高焕“唰”
地一声甩开了自己手中的折扇,扇了扇风。
何明风和郑榭定睛一看。
只见这扇子上面竟然写着一句“士为天下先”
。
高焕见他们二人都看清楚了自己扇面上的字,顿时勾了勾嘴角:“……常言道‘士农工商’,你一个堂堂贡生。”
“竟与商人厮混。

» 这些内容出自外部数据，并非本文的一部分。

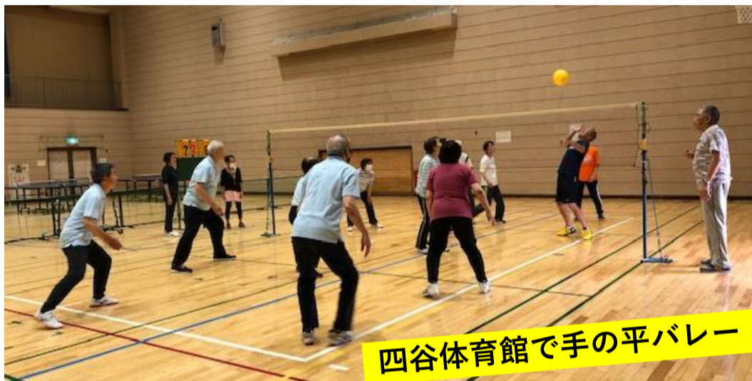
四谷体育館で手の平バレー

府中市では、老人クラブを「シニアクラブ」と名称を変え、各地域で自主的な活動展開をしています。概ね60才以上の市民の方なら、どなたでもいつからでも入会できます。地域包括支援センターよつや苑としても、 介護予防、フレイル予防の活動として応援し、地域共生社会の実現に大きな役割を果たしてくださいと期待しています。
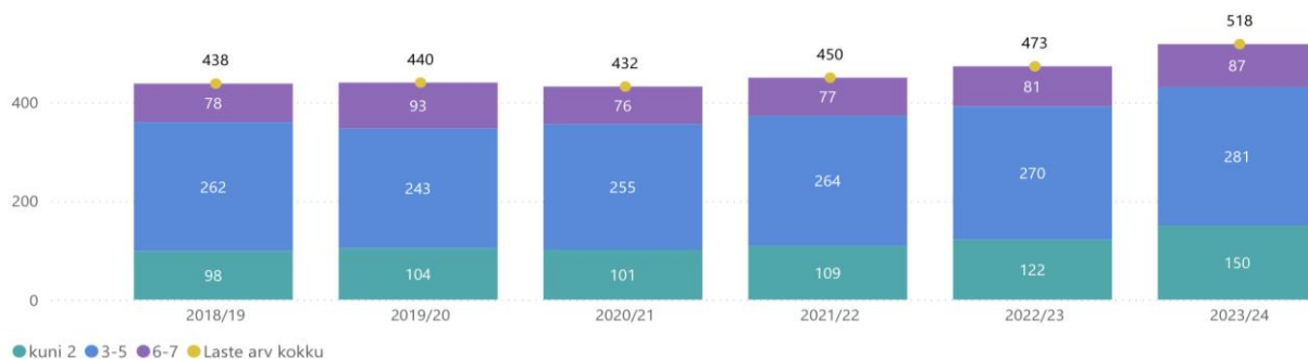
Joonis 1. Laste arv valla munitsipaal- ja eralasteaedades õppeaastatel 2018–2024.

”
高焕“唰”
地一下又收了扇子,昂了昂下巴:“我朝以士农工商为序,商人位居四民之末,何书生这般自降身份,莫不是想弃儒从商?”
郑榭的手顿了顿,脸上却挂着笑:“高兄这话差了,士农工商,不过是天下分工不同——”
“打住!”
高焕折扇“啪”
地再一次展开,“圣人云‘君子喻于义,小人喻于利’,尔等商人重利轻义,也配与圣贤之言相提并论?”
说着高焕看向何明风的眼神也变了。
这姓何的小书生年纪轻轻就成了武县的岁贡。
莫不是靠与商人勾结,才得了这功名?
郑榭顿时有些生气。
他很佩服读书人,论读书,他是读不来。
但是他好歹也凭着自己的本事挣了不少银钱,生意也越做越大。
凭什么要这么被瞧不起?
他身后那个身着普通苎麻长衫的书生紧张地站了起来,连忙上前打圆场。
“二位莫要生气,高兄他不是这个意思。”
这书生冲何明风和郑榭拱拱手:“我姓王,单名一个誉字。”
“这位是高焕高兄,我们二人皆是此次庆州府所辖下面县的岁贡。”
王誉解释道:“我二人之前并不认识,路上遇到了,大家既然都是前往京城国子监的,索性结伴而行。”
何明风微微颔首。
这王誉是主动站出来撇清楚自己和高焕不是一路的了。
主动撇清楚,倒也是好事。
否则他连此人一起都喷了。
“你这人……”
郑榭刚想开口说话,被何明风用眼神制止住了。
何明风转头看了一眼高焕身上穿的衣服,锦缎上的花纹细腻如流水,正是时下盛行的蜀绣缠枝莲纹。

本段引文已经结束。